---- EXCERPTED RECORDS

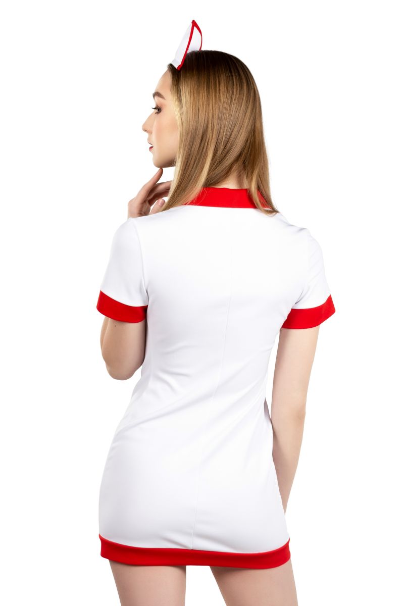 Мечтаете оказать неотложную сексуальную помощь в своих ролевых играх? В костюме страстной медсестры от Impirante вы точно приведете в чувства своего партнера! Обольстительное платье роковой длины изготовлено из качественного полиэстера. Ткань идеально прилегает к телу, и подчеркивает изящные изгибы фигуры. Широкий красный пояс-ремень с пряжкой пикантно подчеркивает талию. Платье удобно одевать и легко расстегивать, благодаря замку-молнии спереди. Возбуждающая глубина декольте приковывает внимание к бюсту. В костюм также входит ободок, который дополняет притягательный образ. Окунитесь в мир новых чувственных эмоций! В комплекте: платье, ободок.
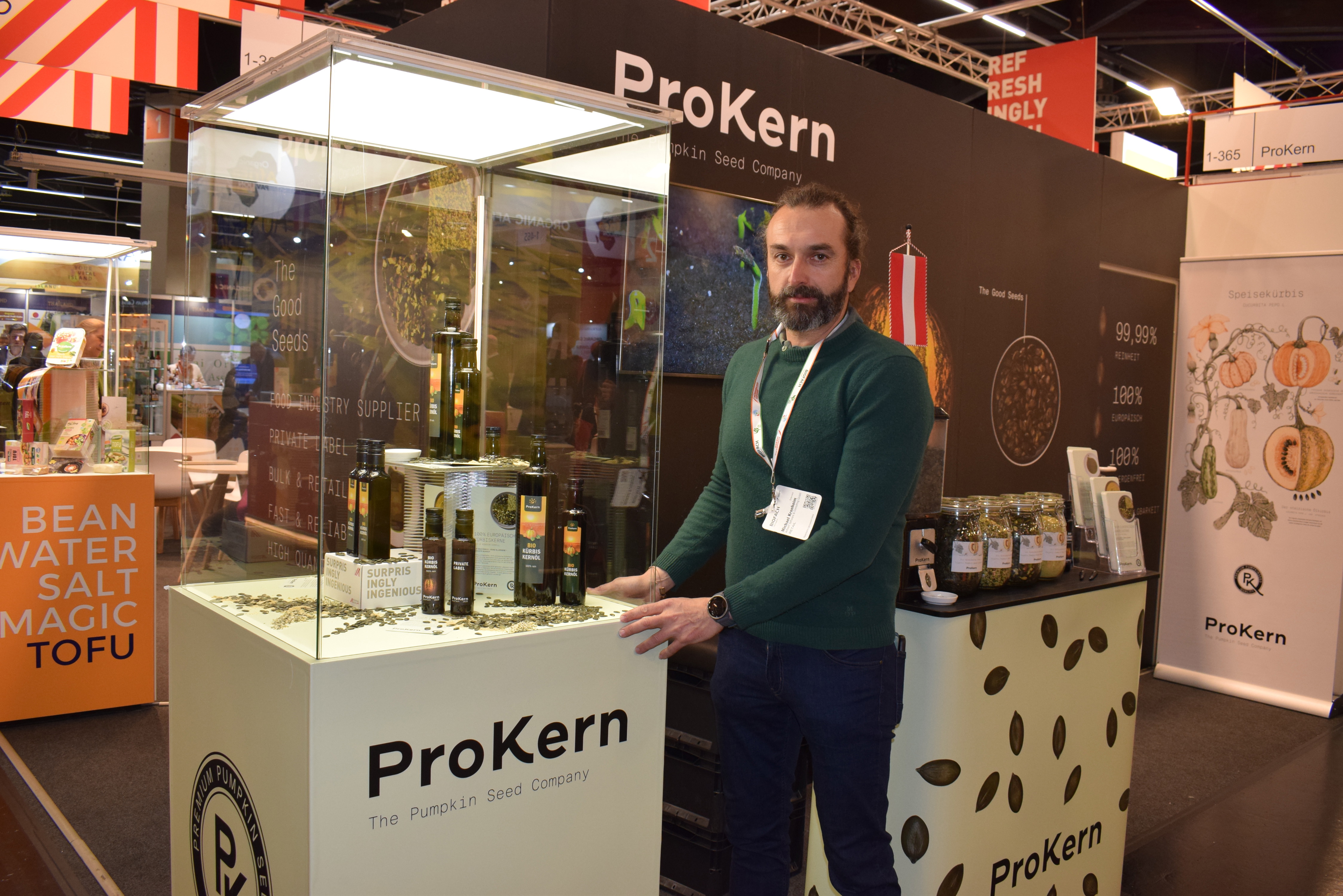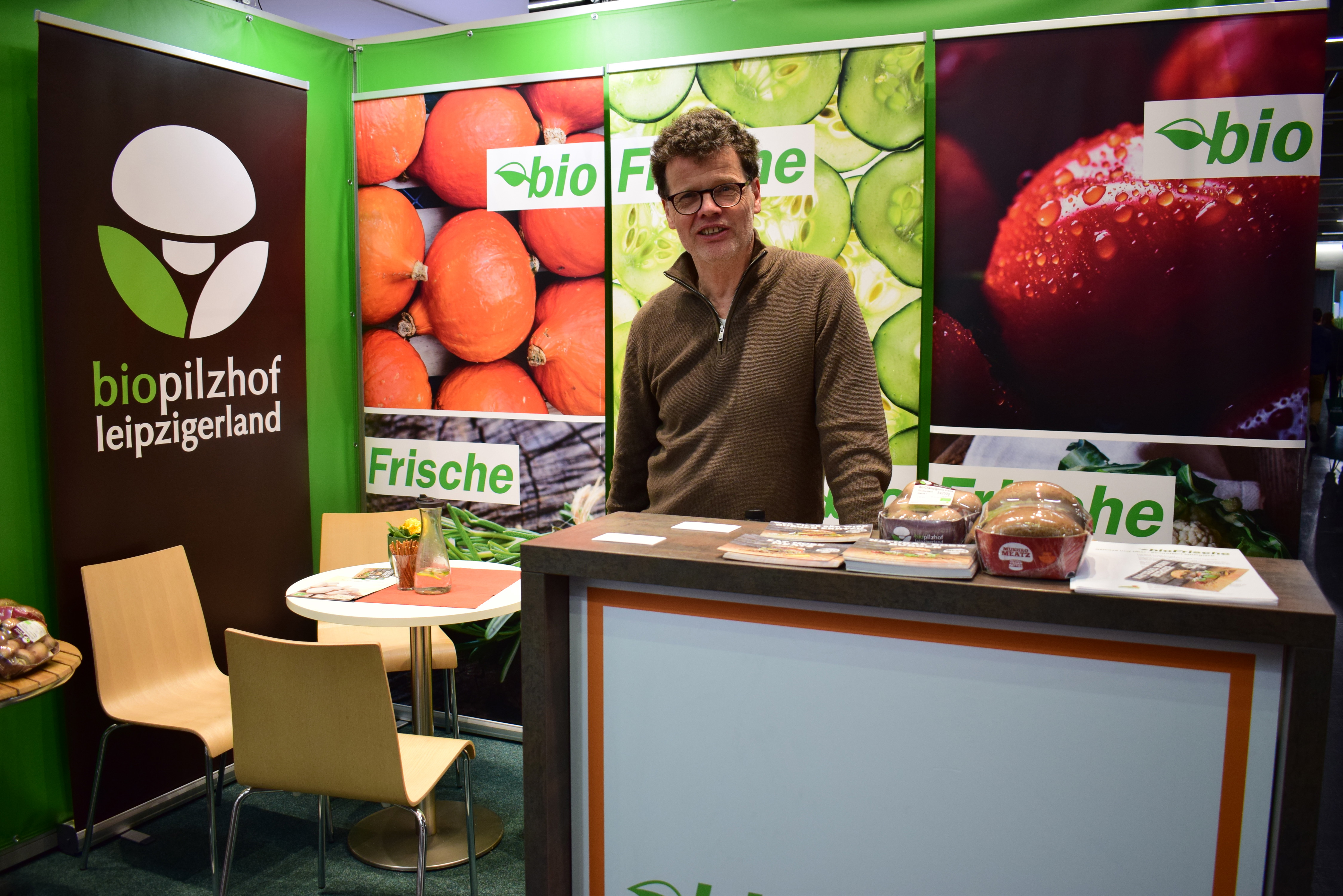 Bij de stand van Biopilzhof staat Florian Pfahler
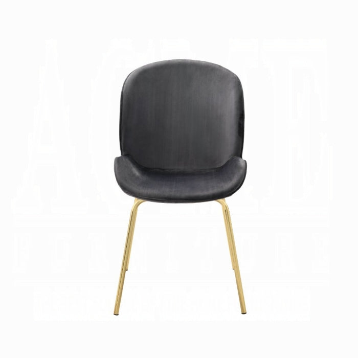 Meet the Chuchip Side Chair Set, a pair of modern dining chairs designed for everyday dining and refined gatherings. Ideal for dining rooms, kitchens, or lounge spaces, these chairs blend a plush gray velvet seat with a gold-finish metal frame for a stylish, durable seating option.
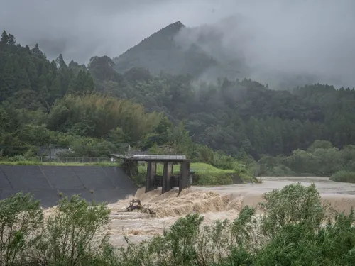 Un râu din prefectura Miyazaki în Kyushu a ieşit din matcă inundând terenuri şi drumuri, potrivit imaginilor difuzate de postul public de televiziune NHK. Într-o altă înregistrare apare o casă de pe malul unui râu pe jumătate suspendată deasupra unui torent, acoperişul din tablă al unei benzinării smuls, un afiş dărâmat de pe o clădire şi atârnând peste stradă.
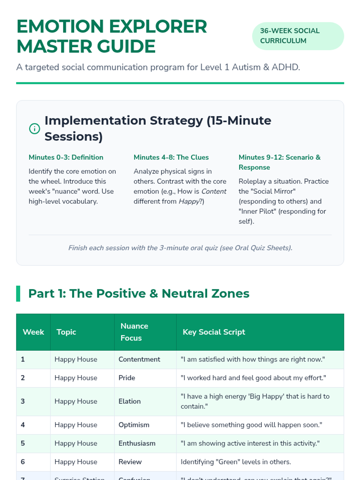 A comprehensive 36-week curriculum guide for teachers, mapping out weekly emotion nuances, social scripts, and implementation strategies for children with Level 1 autism and ADHD.
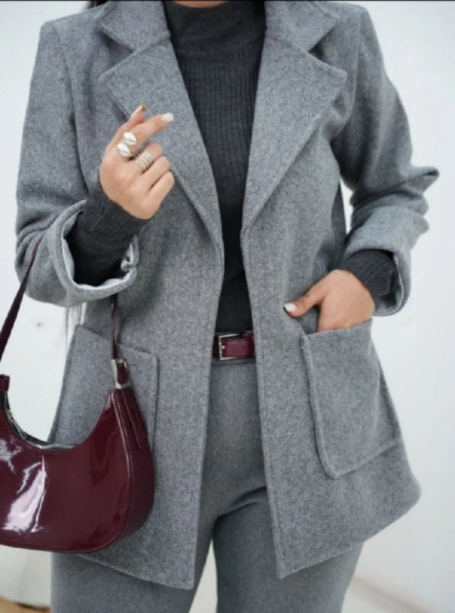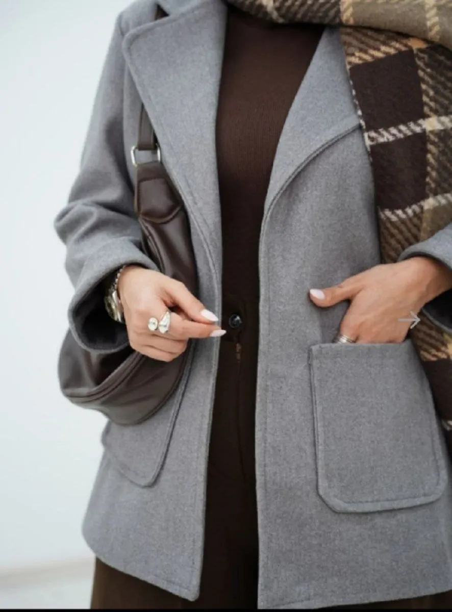 این پالتو با **برش کتی (Blazer Coat)** طراحی شده که یکی از محبوبترین ترندهای جهانی است.
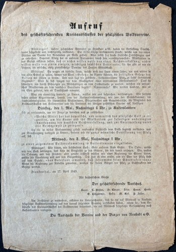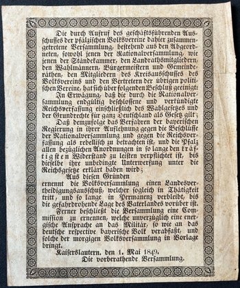 Daher wurde für den 1. Mai, einem Dienstag, nach Kaiserslautern eingeladen, um dort in einer vorbereitenden Versammlung zu beraten, welche Mittel das bayrische und besonders »das pfälzische Volk zu ergreifen [habe], um die Krone und ihr Ministerium zur sofortigen unbedingten Anerkennung der deutschen Reichsverfassung, und zur Unterwerfung unter die Reichsgewalt zu zwingen.« (Q1)

--------

> [WORK TO COMPLETE]
In the listing above, find the line containing "A comprehensive 36-week" and the line containing "این پالتو با", then output those two lines and everything between them exactly as written, without the images.

> [RESULT]
 A comprehensive 36-week curriculum guide for teachers, mapping out weekly emotion nuances, social scripts, and implementation strategies for children with Level 1 autism and ADHD.
 این پالتو با **برش کتی (Blazer Coat)** طراحی شده که یکی از محبوبترین ترندهای جهانی است.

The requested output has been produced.